All of the data should be restated word for word.

Supplied information:
-=-=-

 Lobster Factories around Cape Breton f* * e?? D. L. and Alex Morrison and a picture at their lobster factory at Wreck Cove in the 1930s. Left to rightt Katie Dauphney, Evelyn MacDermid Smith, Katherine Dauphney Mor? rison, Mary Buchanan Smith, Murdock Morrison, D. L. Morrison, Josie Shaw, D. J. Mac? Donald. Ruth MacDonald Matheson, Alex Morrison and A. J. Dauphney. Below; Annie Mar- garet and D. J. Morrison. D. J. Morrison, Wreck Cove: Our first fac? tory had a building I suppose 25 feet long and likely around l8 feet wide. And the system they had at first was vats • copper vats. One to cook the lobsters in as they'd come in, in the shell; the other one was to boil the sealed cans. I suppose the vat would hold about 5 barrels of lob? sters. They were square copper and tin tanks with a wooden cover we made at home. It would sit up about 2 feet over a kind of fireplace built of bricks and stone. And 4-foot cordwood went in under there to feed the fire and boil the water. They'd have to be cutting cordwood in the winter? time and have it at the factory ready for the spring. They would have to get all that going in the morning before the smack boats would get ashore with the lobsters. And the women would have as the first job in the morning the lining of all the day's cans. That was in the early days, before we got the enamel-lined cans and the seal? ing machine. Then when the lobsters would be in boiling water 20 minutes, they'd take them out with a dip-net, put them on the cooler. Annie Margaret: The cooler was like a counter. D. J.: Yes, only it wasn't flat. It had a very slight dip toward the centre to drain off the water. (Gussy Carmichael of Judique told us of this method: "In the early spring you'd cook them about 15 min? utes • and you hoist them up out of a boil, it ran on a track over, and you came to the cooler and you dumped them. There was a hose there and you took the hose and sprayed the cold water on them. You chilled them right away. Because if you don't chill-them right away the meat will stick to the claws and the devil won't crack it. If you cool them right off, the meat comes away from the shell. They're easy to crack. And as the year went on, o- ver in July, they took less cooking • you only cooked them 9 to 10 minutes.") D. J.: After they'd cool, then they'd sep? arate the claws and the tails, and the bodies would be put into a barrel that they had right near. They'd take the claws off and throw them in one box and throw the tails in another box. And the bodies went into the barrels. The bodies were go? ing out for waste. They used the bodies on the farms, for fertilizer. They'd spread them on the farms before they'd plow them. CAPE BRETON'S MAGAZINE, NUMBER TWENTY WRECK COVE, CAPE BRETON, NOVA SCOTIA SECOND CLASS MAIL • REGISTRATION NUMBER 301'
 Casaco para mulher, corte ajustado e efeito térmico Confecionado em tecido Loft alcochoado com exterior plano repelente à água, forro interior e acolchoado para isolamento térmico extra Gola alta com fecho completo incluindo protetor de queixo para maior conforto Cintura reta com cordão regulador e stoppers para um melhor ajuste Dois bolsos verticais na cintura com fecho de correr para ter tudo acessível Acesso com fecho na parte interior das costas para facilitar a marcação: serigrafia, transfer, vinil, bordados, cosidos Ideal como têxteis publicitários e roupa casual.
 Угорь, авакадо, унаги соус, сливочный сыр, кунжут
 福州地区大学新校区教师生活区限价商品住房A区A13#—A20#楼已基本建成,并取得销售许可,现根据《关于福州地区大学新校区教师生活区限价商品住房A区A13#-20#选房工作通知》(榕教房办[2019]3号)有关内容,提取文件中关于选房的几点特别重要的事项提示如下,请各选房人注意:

-=-=-

Expected answer:
 Lobster Factories around Cape Breton f* * e?? D. L. and Alex Morrison and a picture at their lobster factory at Wreck Cove in the 1930s. Left to rightt Katie Dauphney, Evelyn MacDermid Smith, Katherine Dauphney Mor? rison, Mary Buchanan Smith, Murdock Morrison, D. L. Morrison, Josie Shaw, D. J. Mac? Donald. Ruth MacDonald Matheson, Alex Morrison and A. J. Dauphney. Below; Annie Mar- garet and D. J. Morrison. D. J. Morrison, Wreck Cove: Our first fac? tory had a building I suppose 25 feet long and likely around l8 feet wide. And the system they had at first was vats • copper vats. One to cook the lobsters in as they'd come in, in the shell; the other one was to boil the sealed cans. I suppose the vat would hold about 5 barrels of lob? sters. They were square copper and tin tanks with a wooden cover we made at home. It would sit up about 2 feet over a kind of fireplace built of bricks and stone. And 4-foot cordwood went in under there to feed the fire and boil the water. They'd have to be cutting cordwood in the winter? time and have it at the factory ready for the spring. They would have to get all that going in the morning before the smack boats would get ashore with the lobsters. And the women would have as the first job in the morning the lining of all the day's cans. That was in the early days, before we got the enamel-lined cans and the seal? ing machine. Then when the lobsters would be in boiling water 20 minutes, they'd take them out with a dip-net, put them on the cooler. Annie Margaret: The cooler was like a counter. D. J.: Yes, only it wasn't flat. It had a very slight dip toward the centre to drain off the water. (Gussy Carmichael of Judique told us of this method: "In the early spring you'd cook them about 15 min? utes • and you hoist them up out of a boil, it ran on a track over, and you came to the cooler and you dumped them. There was a hose there and you took the hose and sprayed the cold water on them. You chilled them right away. Because if you don't chill-them right away the meat will stick to the claws and the devil won't crack it. If you cool them right off, the meat comes away from the shell. They're easy to crack. And as the year went on, o- ver in July, they took less cooking • you only cooked them 9 to 10 minutes.") D. J.: After they'd cool, then they'd sep? arate the claws and the tails, and the bodies would be put into a barrel that they had right near. They'd take the claws off and throw them in one box and throw the tails in another box. And the bodies went into the barrels. The bodies were go? ing out for waste. They used the bodies on the farms, for fertilizer. They'd spread them on the farms before they'd plow them. CAPE BRETON'S MAGAZINE, NUMBER TWENTY WRECK COVE, CAPE BRETON, NOVA SCOTIA SECOND CLASS MAIL • REGISTRATION NUMBER 301'
 Casaco para mulher, corte ajustado e efeito térmico Confecionado em tecido Loft alcochoado com exterior plano repelente à água, forro interior e acolchoado para isolamento térmico extra Gola alta com fecho completo incluindo protetor de queixo para maior conforto Cintura reta com cordão regulador e stoppers para um melhor ajuste Dois bolsos verticais na cintura com fecho de correr para ter tudo acessível Acesso com fecho na parte interior das costas para facilitar a marcação: serigrafia, transfer, vinil, bordados, cosidos Ideal como têxteis publicitários e roupa casual.
 Угорь, авакадо, унаги соус, сливочный сыр, кунжут
 福州地区大学新校区教师生活区限价商品住房A区A13#—A20#楼已基本建成,并取得销售许可,现根据《关于福州地区大学新校区教师生活区限价商品住房A区A13#-20#选房工作通知》(榕教房办[2019]3号)有关内容,提取文件中关于选房的几点特别重要的事项提示如下,请各选房人注意:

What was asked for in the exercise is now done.